Covid-19: Vítor Matias: Torna-se urgente o regresso à terra, às aldeias

Vítor Matias é jornalista da Radio France Internationale (RFI), mas é sobretudo um dos jornalistas com mais experiência na Comunidade portuguesa de França. Começou nos anos 80 na Rádio Portugal no Mundo, quando a rádio dirigida por João Rodrigues ainda existia. Depois passou pelo jornal Encontro, pelo Jornal Opinião e pela Rádio Alfa.

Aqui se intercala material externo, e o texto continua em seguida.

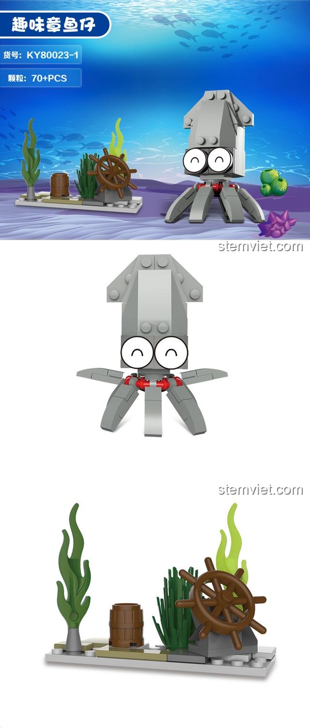 Điểm thu hút đầu tiên của đồ chơi mô hình KY80023-1 chính là thiết kế vô cùng dễ thương. Chú bạch tuộc được tạo hình với thân hình tròn trịa, màu xám trang nhã, điểm xuyết bằng các khớp nối màu đỏ nổi bật, tạo nên một tổng thể hài hòa và bắt mắt. Đặc biệt nhất chính là đôi mắt to tròn, long lanh có thể xoay được, cho phép bé thay đổi biểu cảm của chú bạch tuộc từ vui vẻ, ngạc nhiên đến tò mò, tinh nghịch. Chỉ một chi tiết nhỏ nhưng lại mở ra vô vàn khả năng sáng tạo kịch bản cho bé. Với 70 mảnh ghép được chế tác tỉ mỉ, các góc cạnh bo tròn, bé sẽ lắp ráp nên một mô hình vững chắc, đáng yêu. Bên cạnh đó, bộ sản phẩm còn đi kèm một cụm cảnh quan nhỏ với rong rêu và bánh lái tàu cũ, giúp bé xây dựng một không gian đại dương thu nhỏ cho riêng mình.

Há vários meses que tem estado de baixa médica, e este período de confinamento deixa-o ainda mais preocupado, mas não deixa de ter a lucidez necessária para projetar o pós-Covid-19.

 

Como está a passar este período?

A minha situação atual não é das melhores, pois além de me encontrar de baixa, veio agora a necessidade absoluta do confinamento. Tento respeitar escrupulosamente as indicações dadas pelas autoridades francesas – não saio à rua, exceto para fazer compras, ou um pouco de exercício, andando durante meia hora a passos largos. Em casa, aproveito para tocar bateria (atividade que nunca abandonei desde a idade dos 18 anos); vejo filmes, leio um pouco, e faço arrumação e reparações várias.

 

Está preocupado com a situação atual de pandemia?

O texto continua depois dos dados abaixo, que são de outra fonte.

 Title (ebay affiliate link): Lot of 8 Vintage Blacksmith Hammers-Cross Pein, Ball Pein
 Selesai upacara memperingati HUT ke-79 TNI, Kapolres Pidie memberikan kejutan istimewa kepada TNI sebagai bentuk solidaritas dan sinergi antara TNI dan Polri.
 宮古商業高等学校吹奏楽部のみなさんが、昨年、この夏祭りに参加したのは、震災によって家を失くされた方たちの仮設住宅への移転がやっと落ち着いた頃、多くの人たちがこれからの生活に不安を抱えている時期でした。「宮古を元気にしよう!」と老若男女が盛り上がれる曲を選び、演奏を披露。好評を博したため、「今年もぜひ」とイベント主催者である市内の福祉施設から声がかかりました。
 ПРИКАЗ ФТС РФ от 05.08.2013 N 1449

Esta pandemia preocupa-me bastante, por várias razões: primeiramente, porque o vírus se propagou com uma velocidade enorme, e “sufocou” completamente os serviços de saúde, e as urgências dos estabelecimentos hospitalares. Segunda razão de preocupação, a falta de um medicamento e duma vacina para este vírus, o que torna bem claro que as vítimas serão as pessoas mais fracas, cujo sistema imunitário se encontra já fragilizado por outras doenças. A terceira razão de preocupação é mais pessoal: tenho hoje 68 anos de idade, e encontro-me – de algum modo – fragilizado, podendo vir a ser uma das próximas vítimas, apesar dos meus cuidados. Com efeito, desconheço até que ponto se pode ficar imune ao Covid-19, ou se já fui contaminado sem o saber.

 

Quando esta situação estiver ultrapassada, o que espera do ‘novo mundo’?

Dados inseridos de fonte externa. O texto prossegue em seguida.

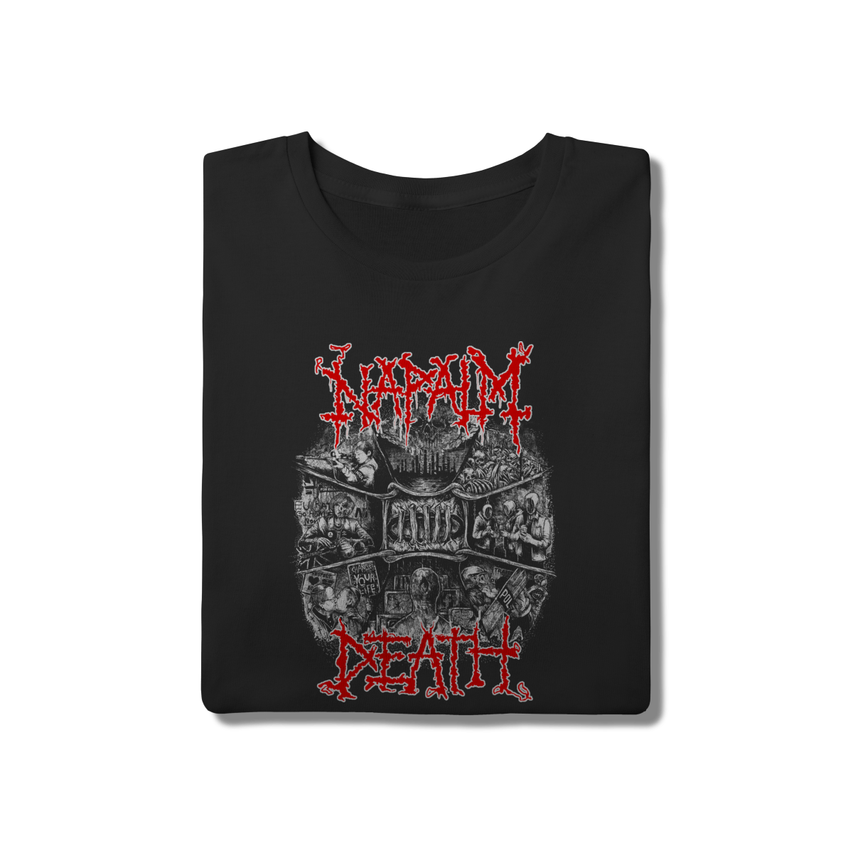 • Atitude extrema com a camiseta da banda pioneira do Grindcore, Napalm Death. A estampa detalhada em P&B com o logo em vermelho destaca o caos visual característico da banda. Fabricada em 100% algodão, esta camiseta preta é resistente e confortável, ideal para quem busca durabilidade em peças de bandas pesadas. Possui gola redonda clássica e caimento reto.

Geralmente, sou otimista. Creio que cada catástrofe natural, cada epidemia, cada guerra, traz sempre algo de positivo, quanto mais não seja porque, numa tentativa desenfreada de encontrar soluções e reduzir ao máximo a mortalidade, os avanços tecnológicos são mais rápidos. Por outro lado, a solidariedade desenvolve-se, encontram-se mecanismos de sobrevivência completamente desconhecidos, ou que estavam esquecidos. Depois de vencida esta pandemia, os sobreviventes terão – decerto – uma vacina que os protegerá não só do Covid-19, e muito possivelmente de outras doenças relacionadas. Os povos vão tomar consciência de que a solidariedade não é uma palavra vã. A título de exemplo, um movimento de pânico num estádio de futebol pode causar dezenas de vítimas, se não houver solidariedade!… Por outro lado, o confinamento está a mostrar-nos algo que era previsível: a cidade de Paris, por exemplo, ficou tristemente vazia, mas o ar que aí se respira melhorou um pouco, no espaço duma semana. Em certos pontos do globo, onde a poluição escondia o céu, é agora possível vê-lo. Em Veneza, apareceram agora golfinhos, devido à baixa do turismo… Estamos também a tomar consciência de que as cidades estão superlotadas, e que se torna urgente o regresso à terra, ao campo, às aldeias. Com um pouco de inteligência e boa vontade – e de vontade política – alguns dirigentes mundiais vão acabar por se aperceber que muitos países, nomeadamente africanos, não resistirão a uma catástrofe desta envergadura. E será necessária uma extraordinária mobilização internacional para os ajudar. Diz-se por vezes que “há males que vêm para bem”. Espero, sinceramente, que esta catástrofe mundial sirva para uma tomada de consciência global que permita evitar erros do passado.